In the last case, we did *p = NULL;. Which would make x == NULL. We could have set it to something that malloc() returned: *p = malloc(100)

But if we alter the first case:

 void foo1(int *p) {
               ^^
    //this p is local to the foo1 function
    //p contains the address of an int
    p = NULL; 
    //now we just set the local `p` variable to NULL.
    //the caller will not see that, since `p` is just our own copy
    //of pointer.
 }

 void func(void) {
    int x;
       ^^
    //here is the x

    foo1(&x);
    //foo1 just set its own copy of the pointer we created by doing `&x` to NULL.
    //we will not see any changes here
  }

We just set p = NULL; in the last case here.

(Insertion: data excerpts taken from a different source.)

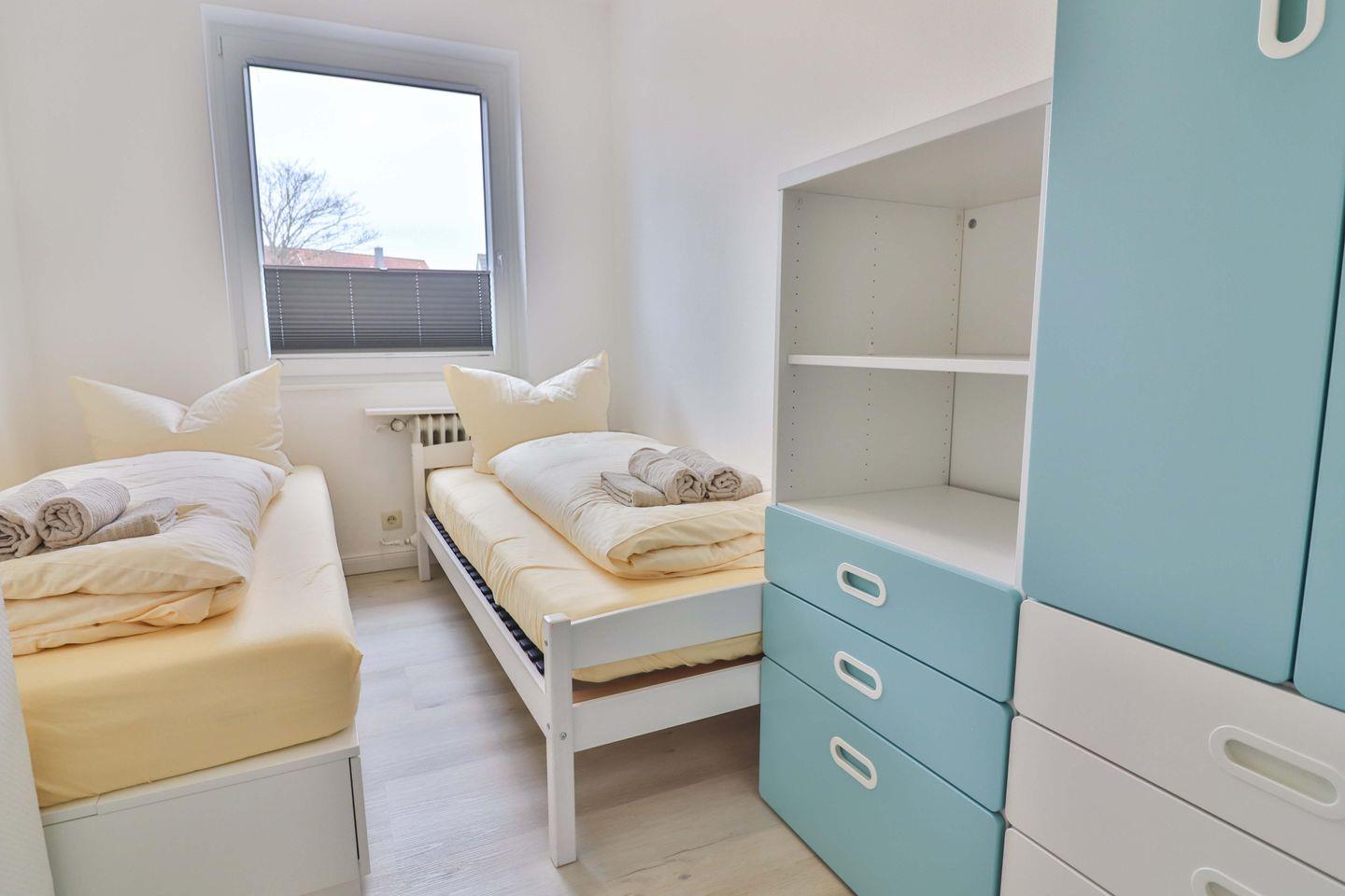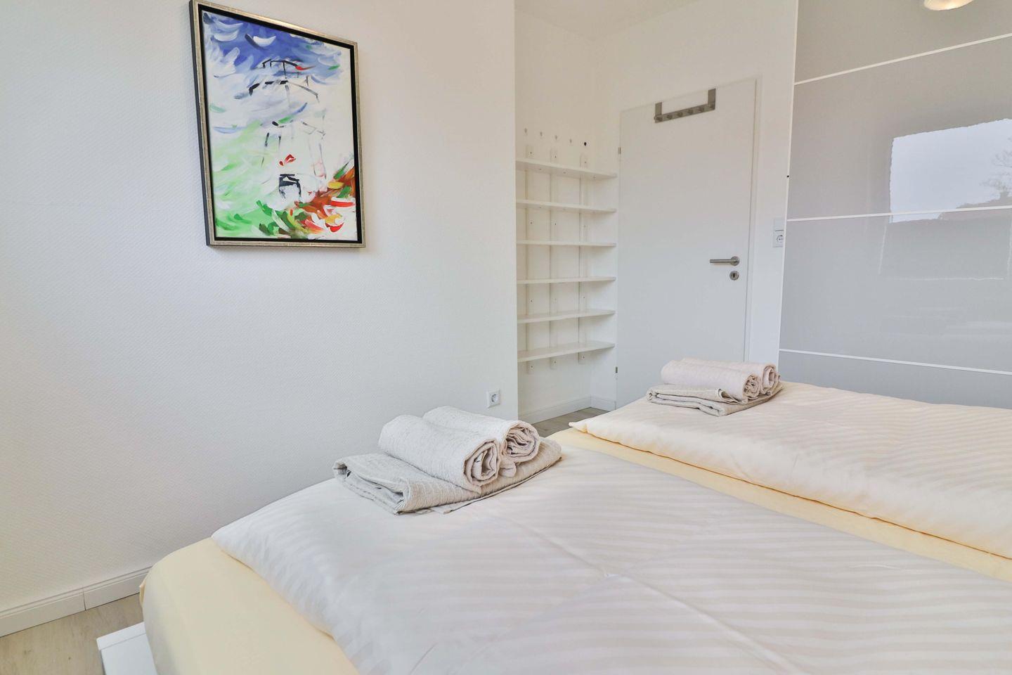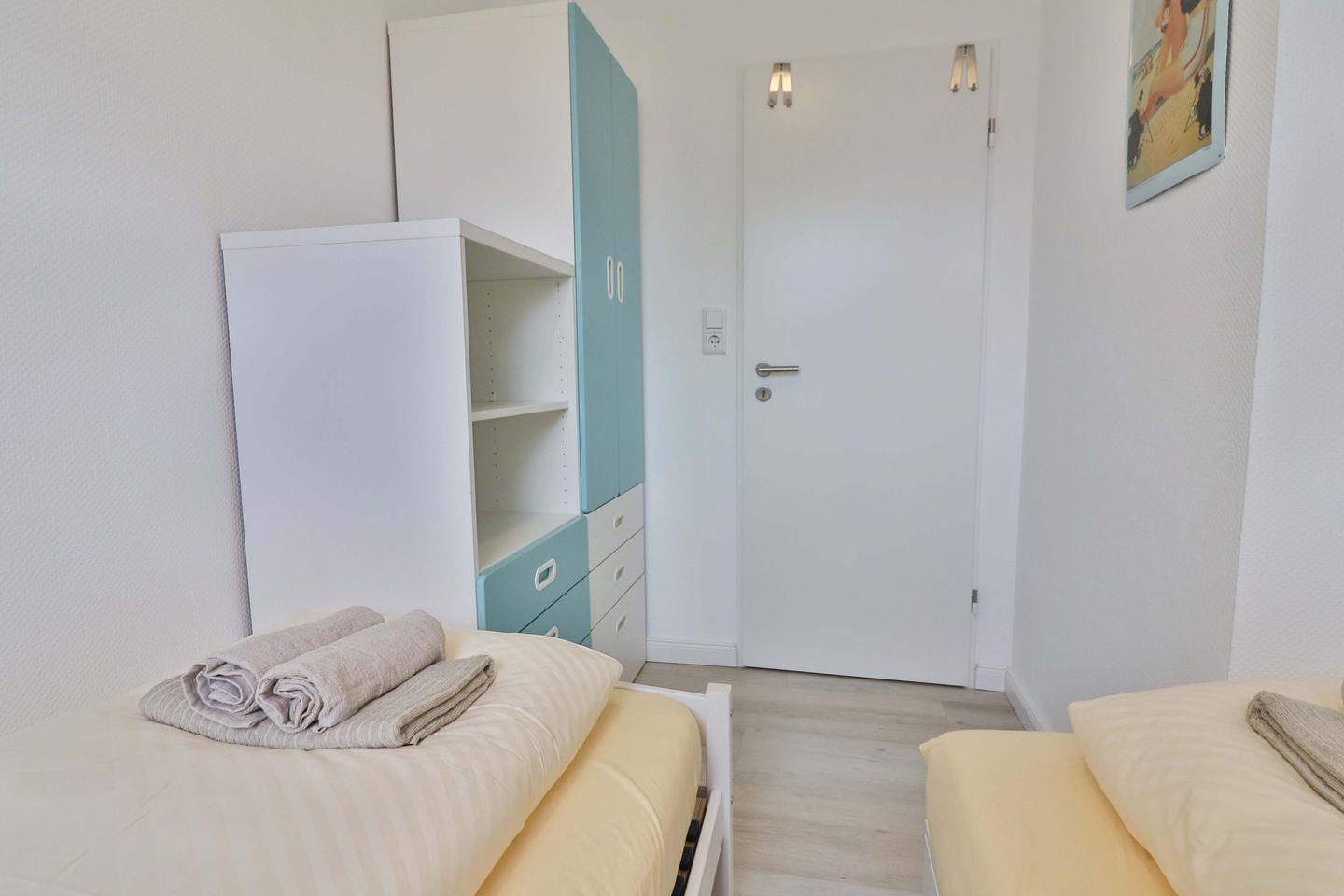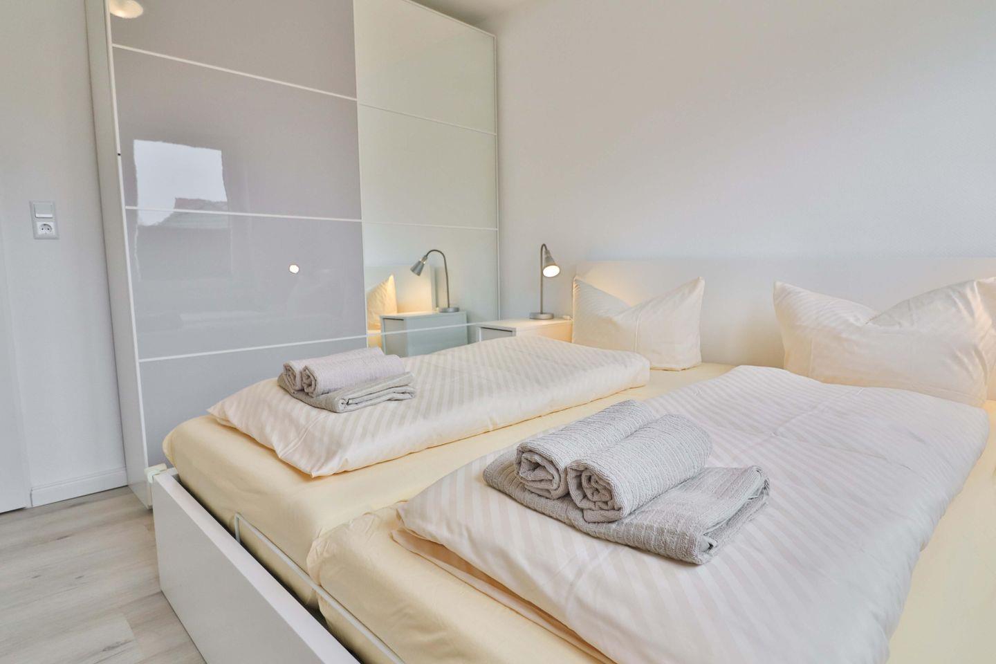 Das Hauptschlafzimmer mit einem komfortablen Doppelbett der Größe 180×200 cm, einem großen Kleiderschrank sowie einem offenen Wandregal für Ihre persönlichen Dinge bietet Ihnen entspannte Nächte. Das zweite Schlafzimmer ist mit zwei Einzelbetten der Größe 90×200 cm und 90x180 cm ausgestattet. Eine Kommode bietet in diesem Zimmer zusätzlichen Stauraum für Ihre Habseligkeiten.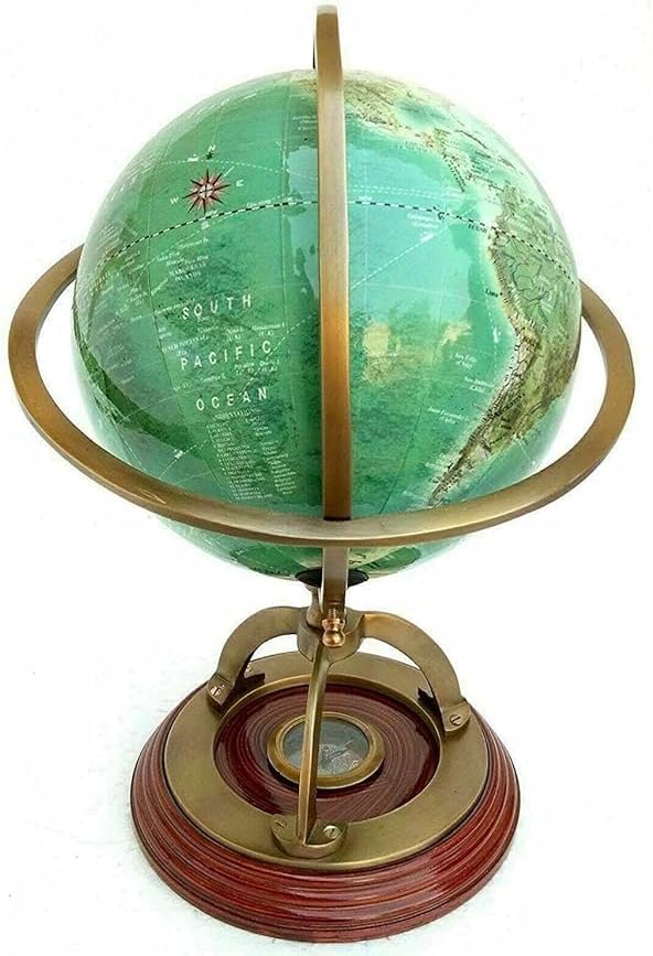 this beautifully crafted 14-inch antique brass world globe, complete with a built-in compass at the base. Ideal for any office, school, or home decor, this globe brings both elegance and functionality to your tabletop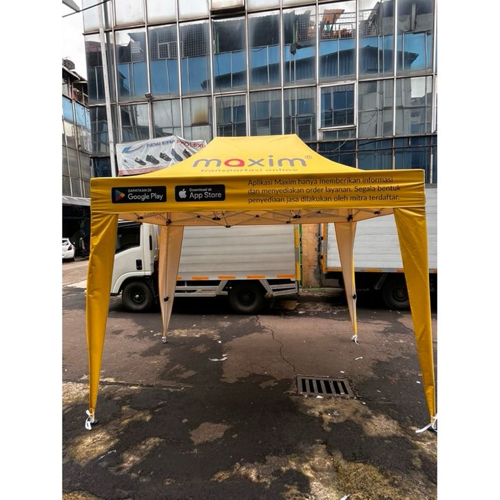 tenda lipat standar uk 2x3 besi hitam petak custome printing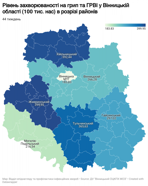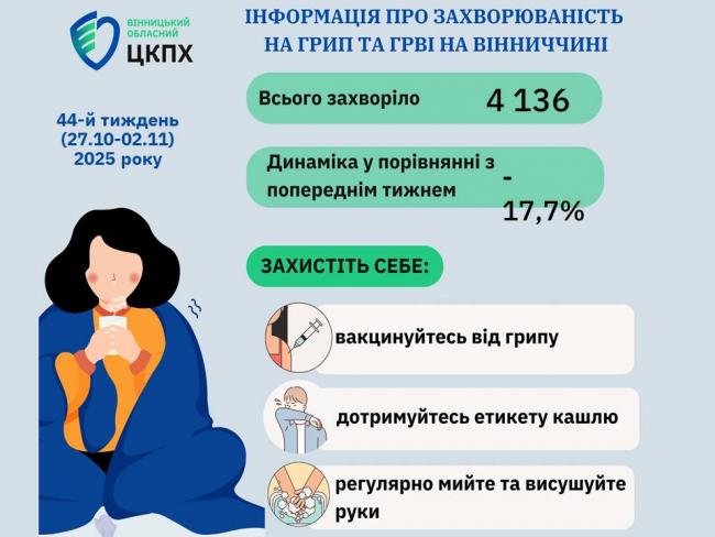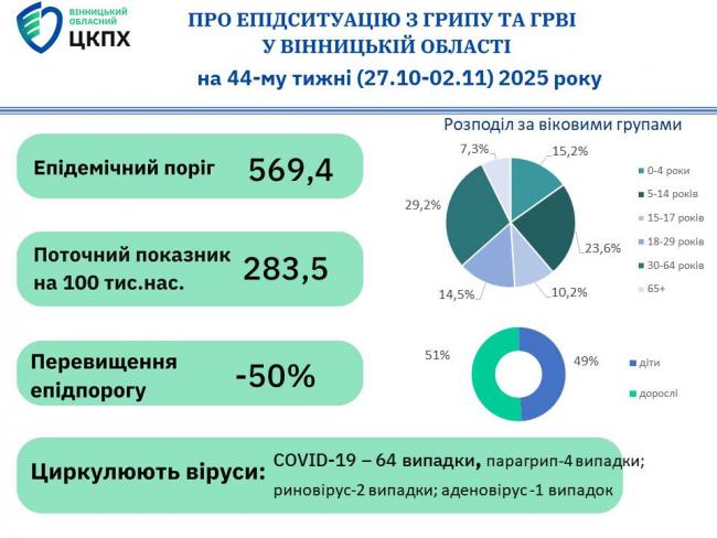 У Вінницькій області рівень захворюваності на гострі респіраторні інфекції, грип та COVID-19 залишається нижчим за епідемічний поріг. За період із 27 жовтня по 2 листопада (44 тиждень року) медики зареєстрували 4136 випадків хвороби. Порівняно з попереднім тижнем цей показник зріс на 17%, однак він усе ще становить приблизно половину від епідемічного рівня.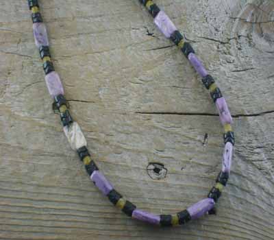 Made here at The Mine, we've joined high-quality charoite with rare jet snake beads. An interesting splash of green serpentine was used, also, which comes to life with the sunrise. A cool, casual piece.

If we used malloc instead:

void foo1(int *p) {
              ^^
    p = malloc(100); 
    //now we just set the local `p` variable to what malloc returns.
    //the caller will not see that, since `p` is just our own local copy
    //of the pointer.
    //When foo1() returns, noone has any way of knowing the location
    //of the memory buffer that malloc returned, so this memory is lost (a memory leak)
 }

Answer 5

The problem with foo2 is that the p which is passed in is only modified inside the foo2 function. This is the same as :

void bar(int x)
{
   x = 42;
}

... 
    int a = 7;
    bar(a);
...

In the above code, a doesn't change because of the call to bar. Instead, a copy of a is passed to bar, and the copy is modified in bar.

The exact same thing happens in foo2. The memory is allocated, stored in p, which is a copy of the pointer passed in. When the code returns, the original pointer retains its original value.

By passing the address of a pointer (&ptr) to foo1, we can modify the ORIGINAL pointer, and thus pass the address of the allocation back to the caller of foo1.

Of course, when there is no reference back to the originally allocated memory, as is the case after a call to foo2, it is called a memory leak - generally considered a bad thing.

Answer 6

Passing a pointer to value: A copy of the pointer(i.e. address of the value) is made in the function(on the stack frame). This allows you to modify the value.

Passing a pointer to a pointer: A copy of the pointer to a pointer(i.e. address of the pointer which in turn points to the value) is made in the function(on the stack frame). This allows you to modify the value as well as the pointer to this value.

The memory allocated using malloc, calloc, realloc and new resided on the heap which means that it exists even after a function returns(stack frame destroyed).

void foo2(int *p) {
    p = (int *) malloc(100);  // caller cannot get the memory
}

However, since the pointer p is lost after the function is returned, this memory cannot be accessed and will result in a leak.

Answer 7

As behaviour of all arguments is the same as local variables (they are passed by value), you can not modify pointer passed by value.

So in foo2() you allocate memory, but you can not use it outside the function, as you actually modify local variable.

The foo() function actually modifies the value pointed by **p, so pointer passed to function will be updated.